▸ **WHAT IS NEEDED**
Reproduce the data below in full and exclude every picture.

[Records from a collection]
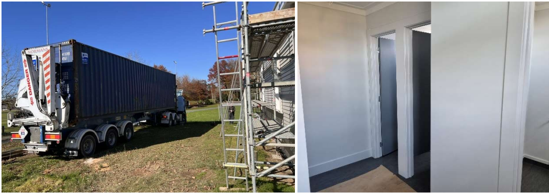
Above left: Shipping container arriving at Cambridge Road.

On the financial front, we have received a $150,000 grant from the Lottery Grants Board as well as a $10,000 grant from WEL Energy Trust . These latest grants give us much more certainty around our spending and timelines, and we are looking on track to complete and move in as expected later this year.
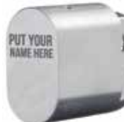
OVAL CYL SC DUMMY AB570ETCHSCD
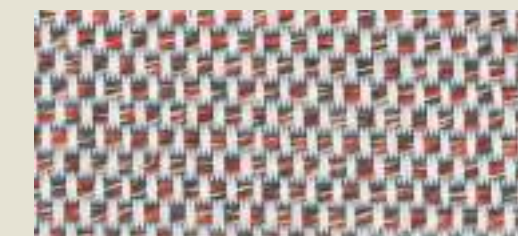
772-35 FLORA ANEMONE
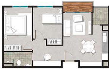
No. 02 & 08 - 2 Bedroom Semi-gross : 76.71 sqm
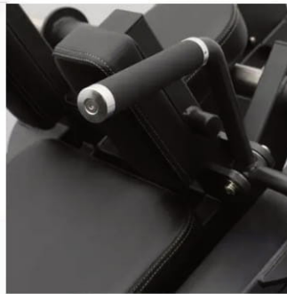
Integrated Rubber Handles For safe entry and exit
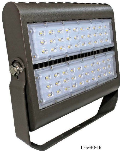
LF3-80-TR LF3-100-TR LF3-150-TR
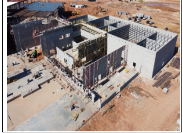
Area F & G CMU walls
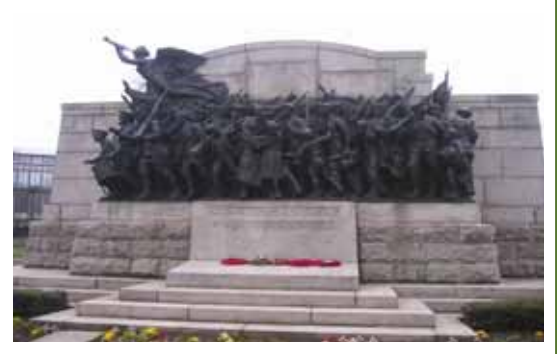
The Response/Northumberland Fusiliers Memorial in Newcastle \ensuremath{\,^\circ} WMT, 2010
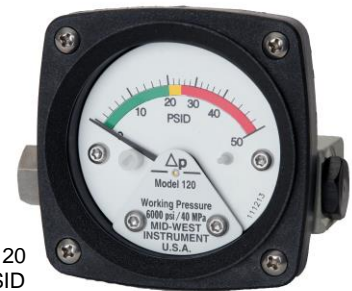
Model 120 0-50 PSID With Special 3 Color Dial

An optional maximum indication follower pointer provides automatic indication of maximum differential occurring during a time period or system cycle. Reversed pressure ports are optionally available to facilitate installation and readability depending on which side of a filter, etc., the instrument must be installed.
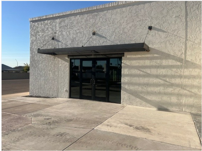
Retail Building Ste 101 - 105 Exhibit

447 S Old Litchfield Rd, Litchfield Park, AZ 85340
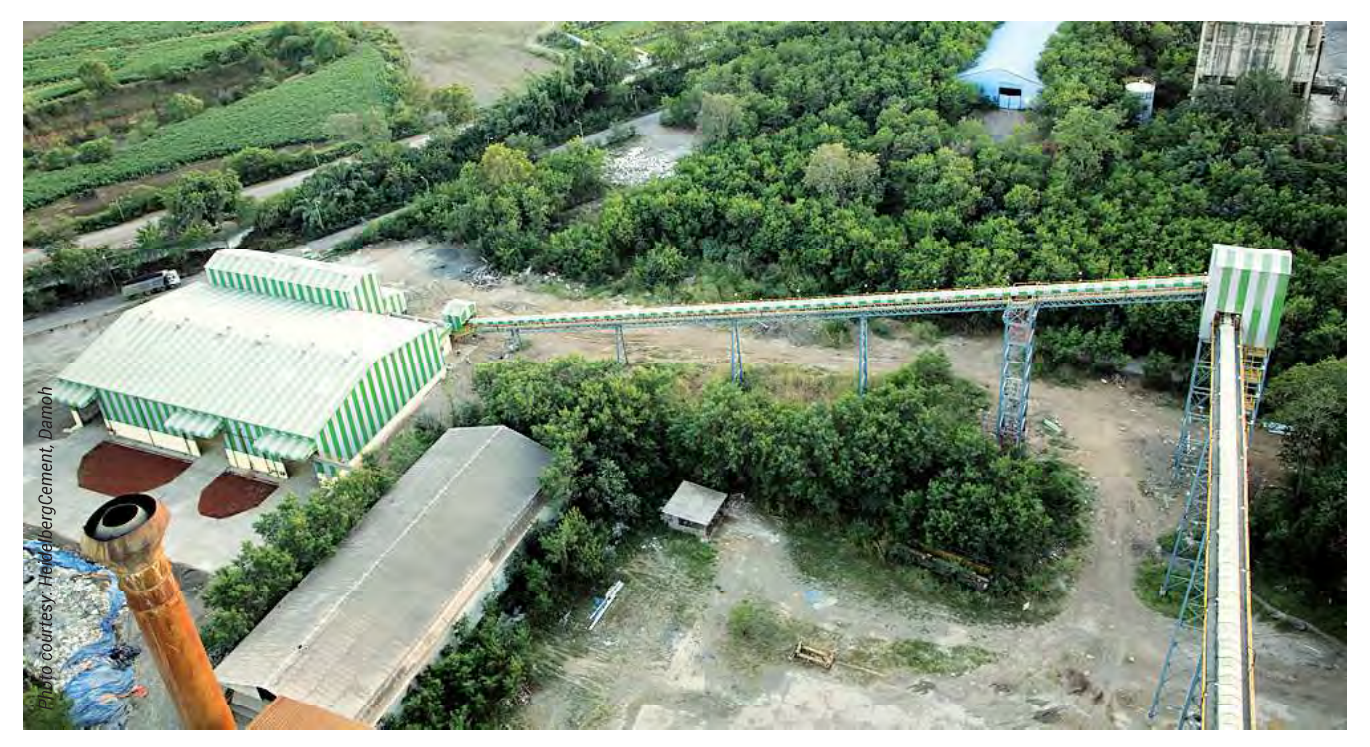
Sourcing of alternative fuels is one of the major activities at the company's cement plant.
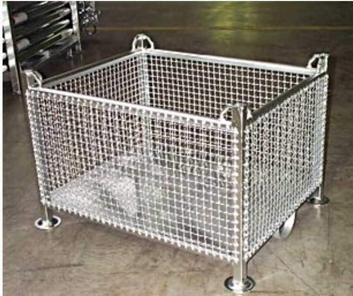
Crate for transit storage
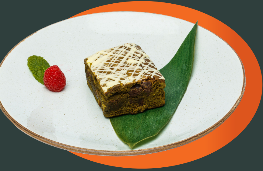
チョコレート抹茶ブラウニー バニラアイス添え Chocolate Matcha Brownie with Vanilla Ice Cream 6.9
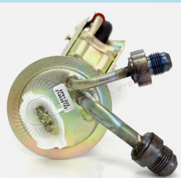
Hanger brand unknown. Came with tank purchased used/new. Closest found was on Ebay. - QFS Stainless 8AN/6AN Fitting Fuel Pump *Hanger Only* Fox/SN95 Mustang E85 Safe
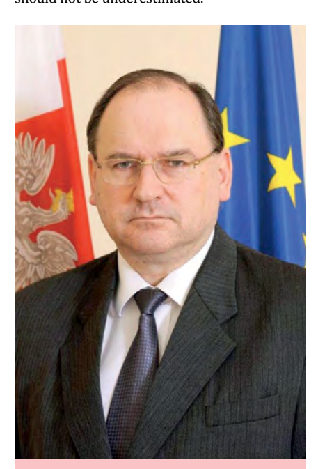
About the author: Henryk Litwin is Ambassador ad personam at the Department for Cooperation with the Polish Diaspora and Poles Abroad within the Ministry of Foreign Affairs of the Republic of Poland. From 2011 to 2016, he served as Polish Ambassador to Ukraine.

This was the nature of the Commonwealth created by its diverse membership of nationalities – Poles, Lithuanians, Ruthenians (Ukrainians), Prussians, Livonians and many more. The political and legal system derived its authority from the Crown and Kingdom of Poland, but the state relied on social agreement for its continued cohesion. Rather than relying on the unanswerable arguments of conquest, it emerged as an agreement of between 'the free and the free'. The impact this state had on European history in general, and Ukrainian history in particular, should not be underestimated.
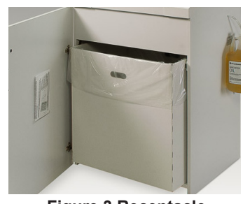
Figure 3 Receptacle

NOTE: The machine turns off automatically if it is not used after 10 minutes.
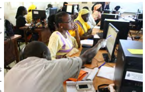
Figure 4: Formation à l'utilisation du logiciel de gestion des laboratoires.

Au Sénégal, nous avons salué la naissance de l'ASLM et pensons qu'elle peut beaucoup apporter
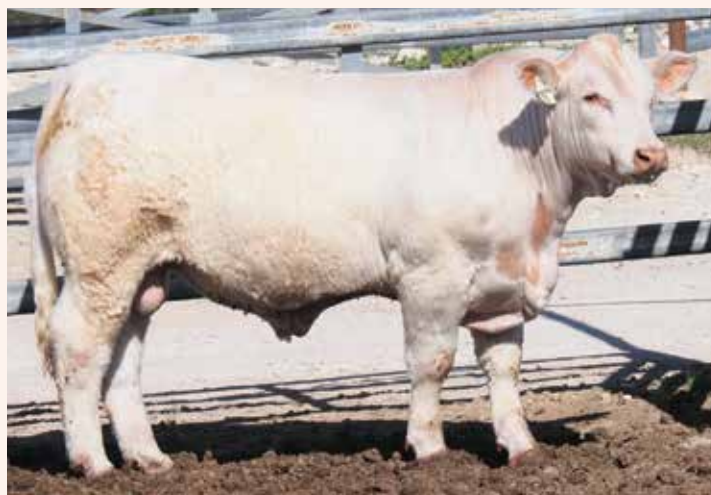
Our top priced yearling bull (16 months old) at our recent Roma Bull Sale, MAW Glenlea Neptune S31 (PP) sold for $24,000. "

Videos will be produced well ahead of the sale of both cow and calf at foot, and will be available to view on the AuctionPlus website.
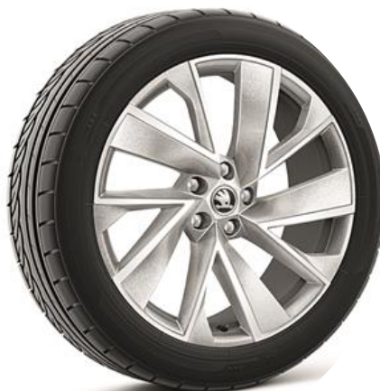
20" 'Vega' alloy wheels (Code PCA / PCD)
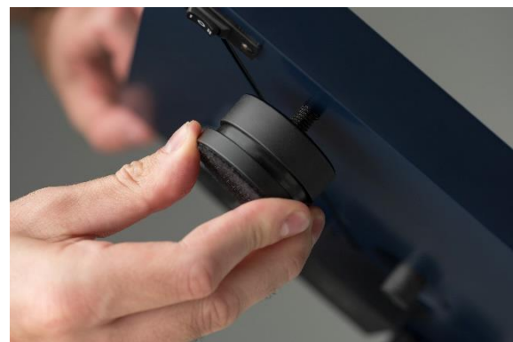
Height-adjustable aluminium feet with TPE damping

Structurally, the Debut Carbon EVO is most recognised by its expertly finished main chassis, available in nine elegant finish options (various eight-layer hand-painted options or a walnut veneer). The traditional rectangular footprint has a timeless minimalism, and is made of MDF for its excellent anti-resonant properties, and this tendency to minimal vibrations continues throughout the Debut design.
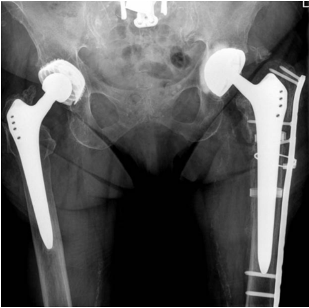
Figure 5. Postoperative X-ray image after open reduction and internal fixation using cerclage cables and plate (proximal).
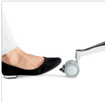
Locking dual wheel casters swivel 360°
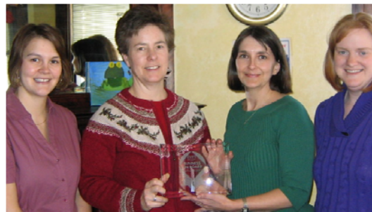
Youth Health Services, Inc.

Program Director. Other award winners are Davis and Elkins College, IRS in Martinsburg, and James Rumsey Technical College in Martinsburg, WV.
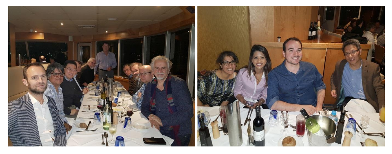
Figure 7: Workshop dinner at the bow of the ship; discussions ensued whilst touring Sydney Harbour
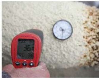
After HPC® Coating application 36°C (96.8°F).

▸ **YOUR RESPONSE**
Above left: Shipping container arriving at Cambridge Road.

On the financial front, we have received a $150,000 grant from the Lottery Grants Board as well as a $10,000 grant from WEL Energy Trust . These latest grants give us much more certainty around our spending and timelines, and we are looking on track to complete and move in as expected later this year.
OVAL CYL SC DUMMY AB570ETCHSCD
772-35 FLORA ANEMONE
No. 02 & 08 - 2 Bedroom Semi-gross : 76.71 sqm
Integrated Rubber Handles For safe entry and exit
LF3-80-TR LF3-100-TR LF3-150-TR
Area F & G CMU walls
The Response/Northumberland Fusiliers Memorial in Newcastle \ensuremath{\,^\circ} WMT, 2010
Model 120 0-50 PSID With Special 3 Color Dial

An optional maximum indication follower pointer provides automatic indication of maximum differential occurring during a time period or system cycle. Reversed pressure ports are optionally available to facilitate installation and readability depending on which side of a filter, etc., the instrument must be installed.
Retail Building Ste 101 - 105 Exhibit

447 S Old Litchfield Rd, Litchfield Park, AZ 85340
Sourcing of alternative fuels is one of the major activities at the company's cement plant.
Crate for transit storage
チョコレート抹茶ブラウニー バニラアイス添え Chocolate Matcha Brownie with Vanilla Ice Cream 6.9
Hanger brand unknown. Came with tank purchased used/new. Closest found was on Ebay. - QFS Stainless 8AN/6AN Fitting Fuel Pump *Hanger Only* Fox/SN95 Mustang E85 Safe
About the author: Henryk Litwin is Ambassador ad personam at the Department for Cooperation with the Polish Diaspora and Poles Abroad within the Ministry of Foreign Affairs of the Republic of Poland. From 2011 to 2016, he served as Polish Ambassador to Ukraine.

This was the nature of the Commonwealth created by its diverse membership of nationalities – Poles, Lithuanians, Ruthenians (Ukrainians), Prussians, Livonians and many more. The political and legal system derived its authority from the Crown and Kingdom of Poland, but the state relied on social agreement for its continued cohesion. Rather than relying on the unanswerable arguments of conquest, it emerged as an agreement of between 'the free and the free'. The impact this state had on European history in general, and Ukrainian history in particular, should not be underestimated.
Figure 3 Receptacle

NOTE: The machine turns off automatically if it is not used after 10 minutes.
Figure 4: Formation à l'utilisation du logiciel de gestion des laboratoires.

Au Sénégal, nous avons salué la naissance de l'ASLM et pensons qu'elle peut beaucoup apporter
Our top priced yearling bull (16 months old) at our recent Roma Bull Sale, MAW Glenlea Neptune S31 (PP) sold for $24,000. "

Videos will be produced well ahead of the sale of both cow and calf at foot, and will be available to view on the AuctionPlus website.
20" 'Vega' alloy wheels (Code PCA / PCD)
Height-adjustable aluminium feet with TPE damping

Structurally, the Debut Carbon EVO is most recognised by its expertly finished main chassis, available in nine elegant finish options (various eight-layer hand-painted options or a walnut veneer). The traditional rectangular footprint has a timeless minimalism, and is made of MDF for its excellent anti-resonant properties, and this tendency to minimal vibrations continues throughout the Debut design.
Figure 5. Postoperative X-ray image after open reduction and internal fixation using cerclage cables and plate (proximal).
Locking dual wheel casters swivel 360°
Youth Health Services, Inc.

Program Director. Other award winners are Davis and Elkins College, IRS in Martinsburg, and James Rumsey Technical College in Martinsburg, WV.
Figure 7: Workshop dinner at the bow of the ship; discussions ensued whilst touring Sydney Harbour
After HPC® Coating application 36°C (96.8°F).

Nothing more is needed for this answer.